Record excerpts |
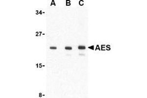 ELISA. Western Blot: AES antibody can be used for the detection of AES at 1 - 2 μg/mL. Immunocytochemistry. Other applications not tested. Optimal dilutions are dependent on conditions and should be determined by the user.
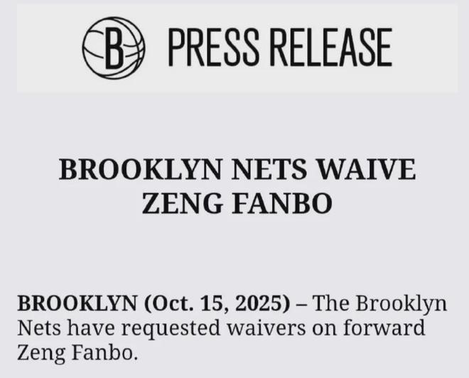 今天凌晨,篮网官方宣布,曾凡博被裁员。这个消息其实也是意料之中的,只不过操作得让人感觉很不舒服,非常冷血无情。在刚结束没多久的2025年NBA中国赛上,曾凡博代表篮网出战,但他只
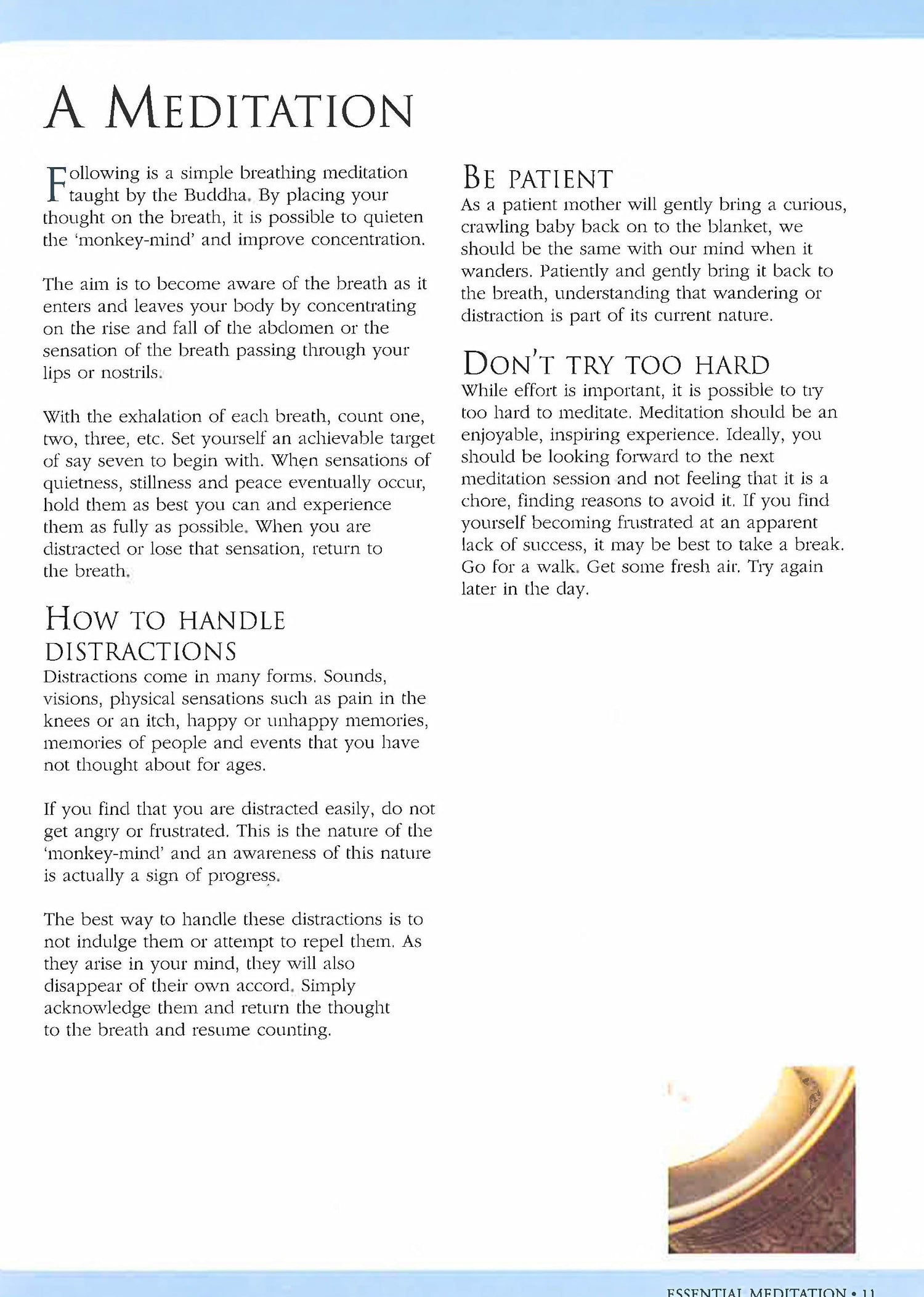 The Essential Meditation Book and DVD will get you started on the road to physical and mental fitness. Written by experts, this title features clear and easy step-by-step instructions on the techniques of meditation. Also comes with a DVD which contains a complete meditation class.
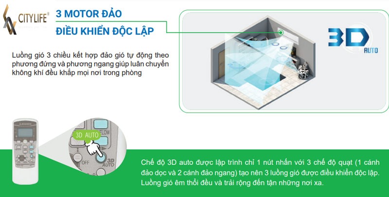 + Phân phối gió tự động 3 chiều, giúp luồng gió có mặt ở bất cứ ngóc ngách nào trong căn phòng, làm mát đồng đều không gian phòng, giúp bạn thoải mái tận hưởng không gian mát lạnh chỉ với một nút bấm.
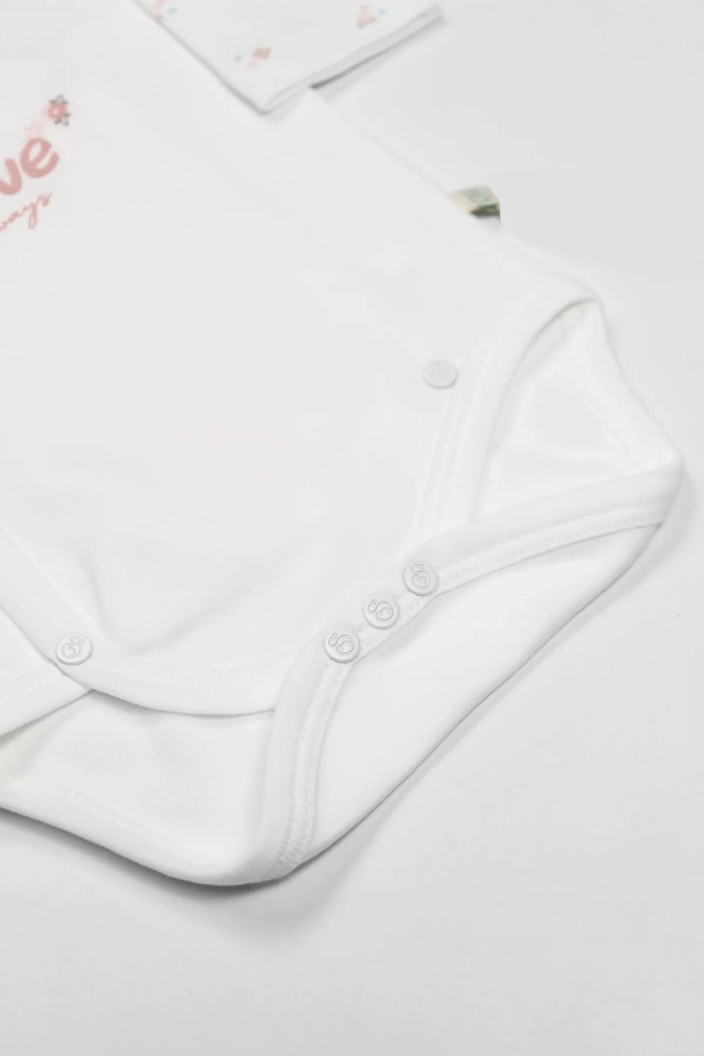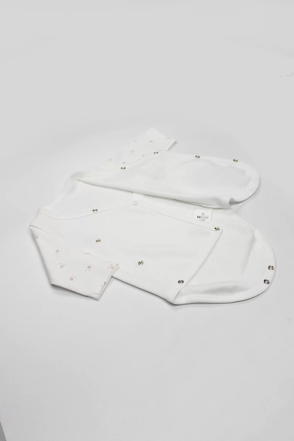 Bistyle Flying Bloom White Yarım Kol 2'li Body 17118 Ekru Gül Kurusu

The task |
Excluding images, return all of the records above word for word.

Task output |
 ELISA. Western Blot: AES antibody can be used for the detection of AES at 1 - 2 μg/mL. Immunocytochemistry. Other applications not tested. Optimal dilutions are dependent on conditions and should be determined by the user.
 今天凌晨,篮网官方宣布,曾凡博被裁员。这个消息其实也是意料之中的,只不过操作得让人感觉很不舒服,非常冷血无情。在刚结束没多久的2025年NBA中国赛上,曾凡博代表篮网出战,但他只
 The Essential Meditation Book and DVD will get you started on the road to physical and mental fitness. Written by experts, this title features clear and easy step-by-step instructions on the techniques of meditation. Also comes with a DVD which contains a complete meditation class.
 + Phân phối gió tự động 3 chiều, giúp luồng gió có mặt ở bất cứ ngóc ngách nào trong căn phòng, làm mát đồng đều không gian phòng, giúp bạn thoải mái tận hưởng không gian mát lạnh chỉ với một nút bấm.
 Bistyle Flying Bloom White Yarım Kol 2'li Body 17118 Ekru Gül Kurusu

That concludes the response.